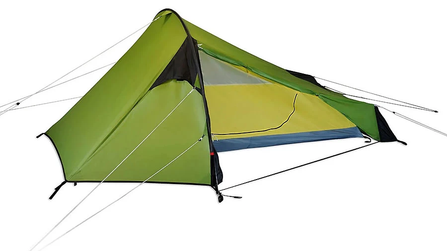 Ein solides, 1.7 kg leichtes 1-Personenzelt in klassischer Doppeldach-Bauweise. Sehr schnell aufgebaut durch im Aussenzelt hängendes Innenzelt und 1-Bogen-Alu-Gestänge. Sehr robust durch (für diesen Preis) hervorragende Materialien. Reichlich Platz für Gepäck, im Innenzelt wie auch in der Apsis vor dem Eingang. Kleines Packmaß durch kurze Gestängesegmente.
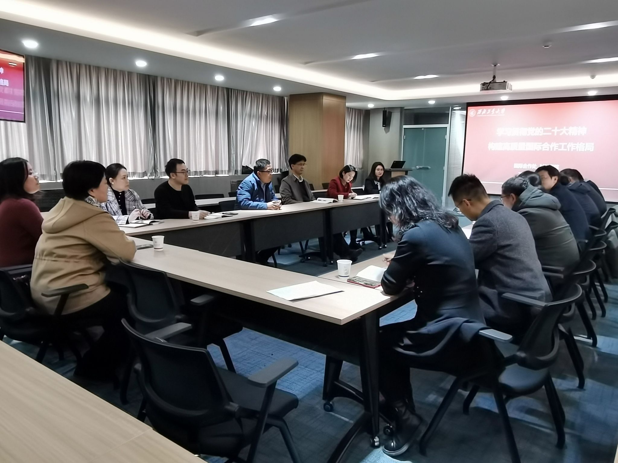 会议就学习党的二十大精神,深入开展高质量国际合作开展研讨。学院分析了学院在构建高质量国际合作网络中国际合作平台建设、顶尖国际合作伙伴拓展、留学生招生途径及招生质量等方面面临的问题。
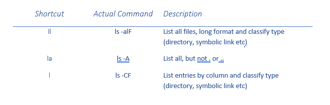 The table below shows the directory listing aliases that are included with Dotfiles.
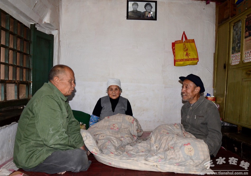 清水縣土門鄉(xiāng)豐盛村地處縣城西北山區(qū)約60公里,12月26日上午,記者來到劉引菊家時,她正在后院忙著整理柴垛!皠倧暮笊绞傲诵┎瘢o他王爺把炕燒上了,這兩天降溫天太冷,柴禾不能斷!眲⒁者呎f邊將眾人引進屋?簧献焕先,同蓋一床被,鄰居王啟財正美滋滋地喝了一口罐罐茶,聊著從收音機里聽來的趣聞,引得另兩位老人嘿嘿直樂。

§ §

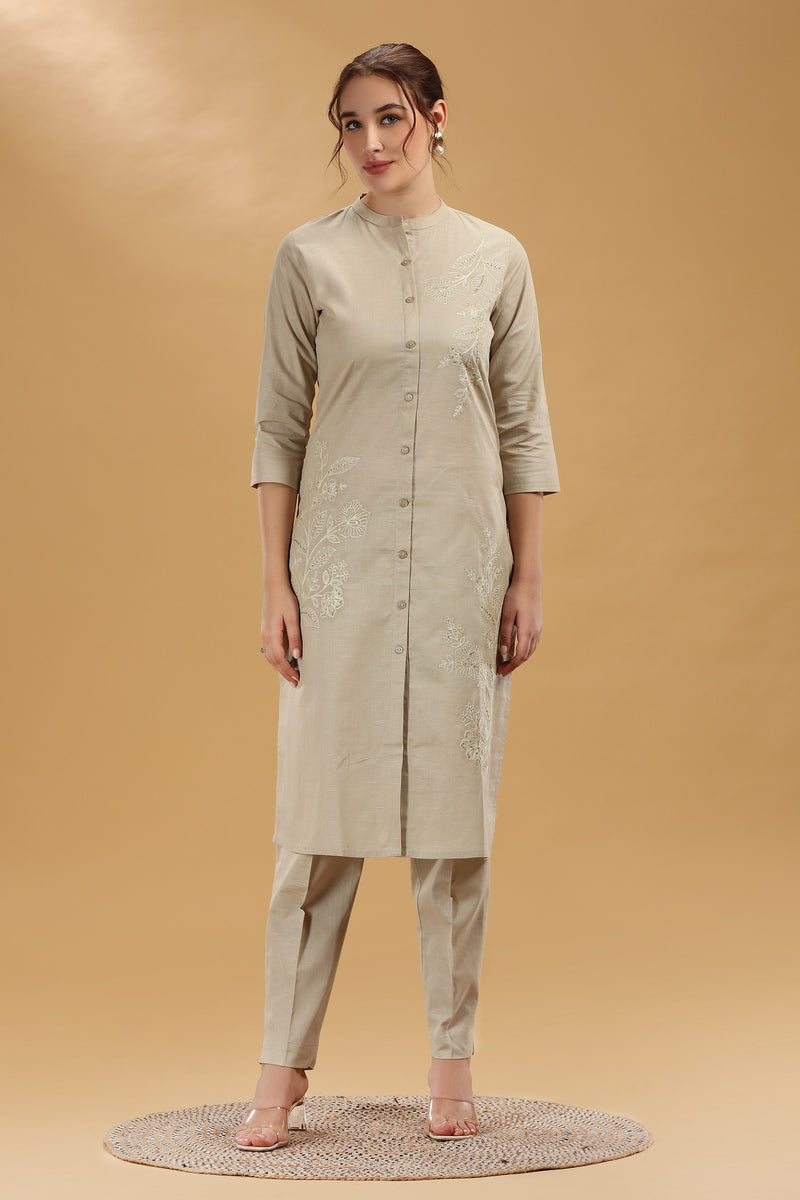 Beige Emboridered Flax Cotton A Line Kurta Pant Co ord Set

§ §

### Exercise aim:
Although pictures appear among the records above, none are to be output; print exactly the lines from the line containing "Ein solides, 1.7" through the line containing "The table below".

### Response to this task:
 Ein solides, 1.7 kg leichtes 1-Personenzelt in klassischer Doppeldach-Bauweise. Sehr schnell aufgebaut durch im Aussenzelt hängendes Innenzelt und 1-Bogen-Alu-Gestänge. Sehr robust durch (für diesen Preis) hervorragende Materialien. Reichlich Platz für Gepäck, im Innenzelt wie auch in der Apsis vor dem Eingang. Kleines Packmaß durch kurze Gestängesegmente.
 会议就学习党的二十大精神,深入开展高质量国际合作开展研讨。学院分析了学院在构建高质量国际合作网络中国际合作平台建设、顶尖国际合作伙伴拓展、留学生招生途径及招生质量等方面面临的问题。
 The table below shows the directory listing aliases that are included with Dotfiles.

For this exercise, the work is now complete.